4
votes

So currently I'm trying to create a force-directed graph of a couple thousand nodes and about 30k links in the graph. As you may guess, the simulation is very very slow. What I would like to do instead is to precompute all the positions for the nodes and just render a static (but interactive) graph. Is there a way to use d3.js to calculate a force directed graph without rendering it (making it much faster) and then just render the static graph from the pre-calculated values? My code is currently based off Mike Bostock's example.

1
SVG is usually the slowest solution when it comes to interactivity and animation in the browser. Using Canvas (or if you wanted 3d canvas with WebGL) for animation might improve performance a bit. You have to roll your own (or use a library) for the object picking and dragging though. - Louis Ricci
^Which is exactly what I dont want to do. I dont really need a a full simulation of my graph. I just need to visualize the nodes and links, and the clusters they form, so I chose a force directed graph. Also, I don't need to be able to drag the nodes either, I just need to be able to hover over each node and see some info about them. So I'm paying a high performance price on all the stuff I don't need and I'm sure there's a way to remove that but not sure how. - leonsas

1 Answers

3
votes

The method d3 uses for force directed graph layout is the standard repulsive force and attractive force model, you can find the pseudo code on Wikipedia (http://en.wikipedia.org/wiki/Force-based_algorithms_%28graph_drawing%29#Pseudocode) or check out the d3 source itself (https://github.com/mbostock/d3/blob/master/src/layout/force.js).

That algorithm has an O(n^2) complexity per tick (or time slice) and it takes about n ticks to reach an equilibrium so O(n^3) for the whole layout process (http://www.ecs.umass.edu/ece/labs/vlsicad/ece665/presentations/Force-Directed-Adel.ppt). For thousands of nodes this isn't practical.
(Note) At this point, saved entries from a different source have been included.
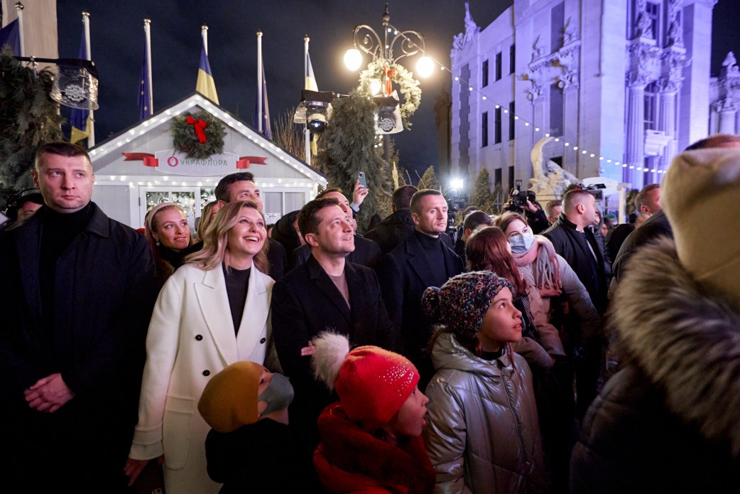 Президент України Володимир Зеленський і перша леді Олена Зеленська взяли участь у відкритті святкового містечка «Миколай приймає друзів», яке цьогоріч знову працюватиме для дорослих і дітей на вулиці Банковій у Києві.
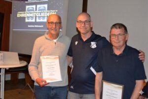 Der emotionale Höhepunkt des Abends war die Verleihung der Ehrenmitgliedschaft an zwei absolute Vereinsurgesteine. Karl-Heinz Hollmann und Christian Rogos wurden für ihre jahrzehntelangen und außergewöhnlichen Verdienste unter großem Applaus der Versammlung ausgezeichnet. Beide haben den TuS in unterschiedlichsten Funktionen nachhaltig geprägt – von der Vorstandsarbeit über die langjährige Leitung der Jugendabteilung bis hin zur Initiierung neuer Vereinsangebote und des langjährigen Jugendturniers (2001-2013).
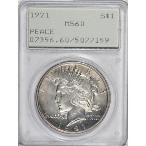 <B>1921 $1 MS60 PCGS.</B></I> PCGS Population (85/8641). NGC Census: (22/7414). Mintage: 1,006,473. Numismedia Wsl. Price for NGC/PCGS coin in MS60: $188. (#7356)<BR><BR><B>Coin Engraver:</B> Anthony de Francisci<BR><BR><b>Shipping:</b> Coins & Currency (<a target="_blank" href="http://www.heritageauctions.com/common/shipping.php">view shipping information</a>)
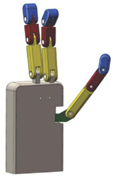 摘要:【目的】针对传统按摩机械手适用场景受限、手法单一、结构刚性大且自适应性差的缺陷,设计了一种兼具大包络范围、多按摩姿态的高适应性3指按摩机械手,以满足中医按摩的平稳性、力度及安全性要求。【方法】采用欠驱动腱绳传动与差动滑轮机构,结合按人手关节耦合比例设计的扭簧结构,设计了机械手本体;通过改进D-H法建立运动学模型,利用Matlab软件分析了工作空间,借助Adams软件仿真验证了适应性与按摩性能。【结果】结果表明,机械手食指、中指的最大活动范围约 200mm ,拇指的约 150mm ,可实现指揉、捏拿等手法;按摩力稳定在 23~33N ,运动平稳、无刚性冲击;该机械手的自适应性与稳定性优于传统连杆传动机构,符合中医按摩需求。
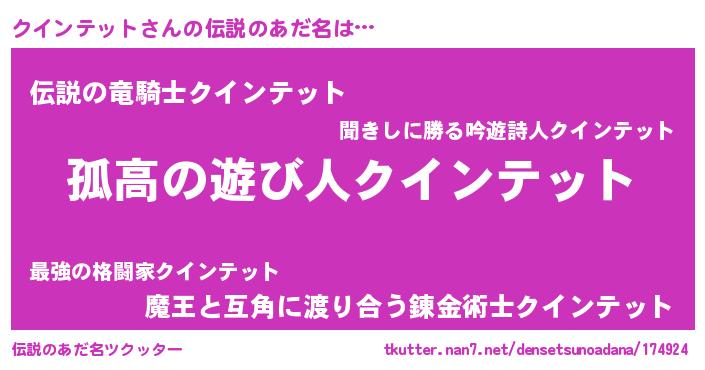 | ヒーロー風カッコイイあだ名 | 『仮面クイダー』『暗黒騎士クイ』 |
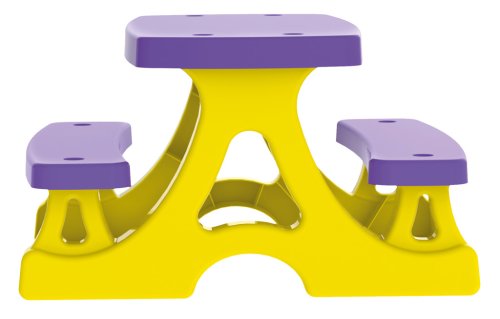 Piknikový stolek se dvěmi lavicemi z kvalitního plastu žluto-fialový.
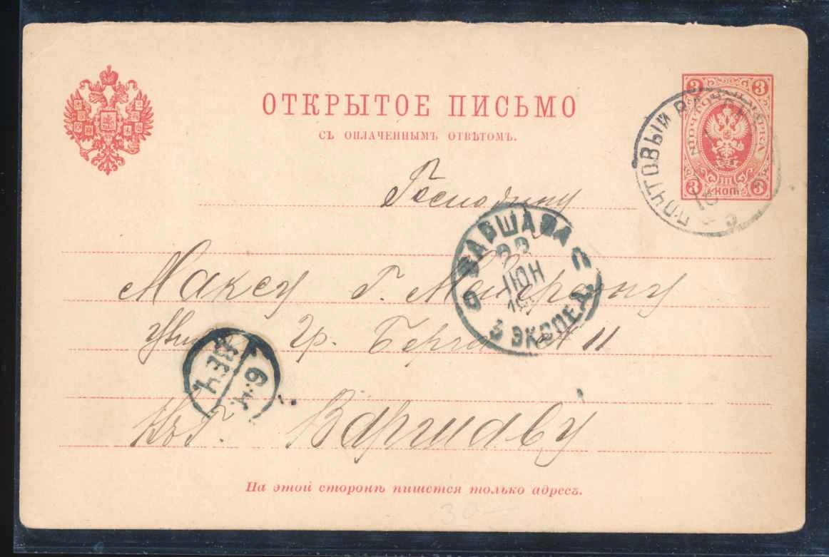 1892 г. Царь Российский, карточка ПРОСКУРОВА в Варшаву.
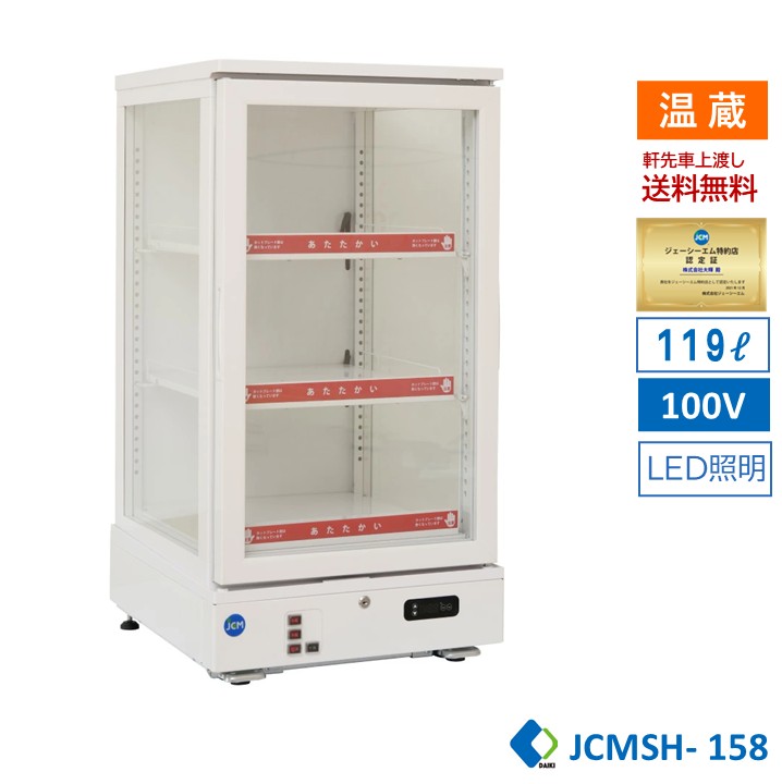 | JCMSH-158 | 横515×奥行553×高さ1000mm | 白色 | 119L | 54kg | 18〜55℃ |

To try and answer your specific question, just use CSS, display: none on your SVG container element. Once the initial simulation "eventually" finishes you can grab the HTML source of the SVG elements and use that as your basis for the static but interactive representation. (once you have html of all the elements you'd just have to add the mouse hover event onto them to have them display their details.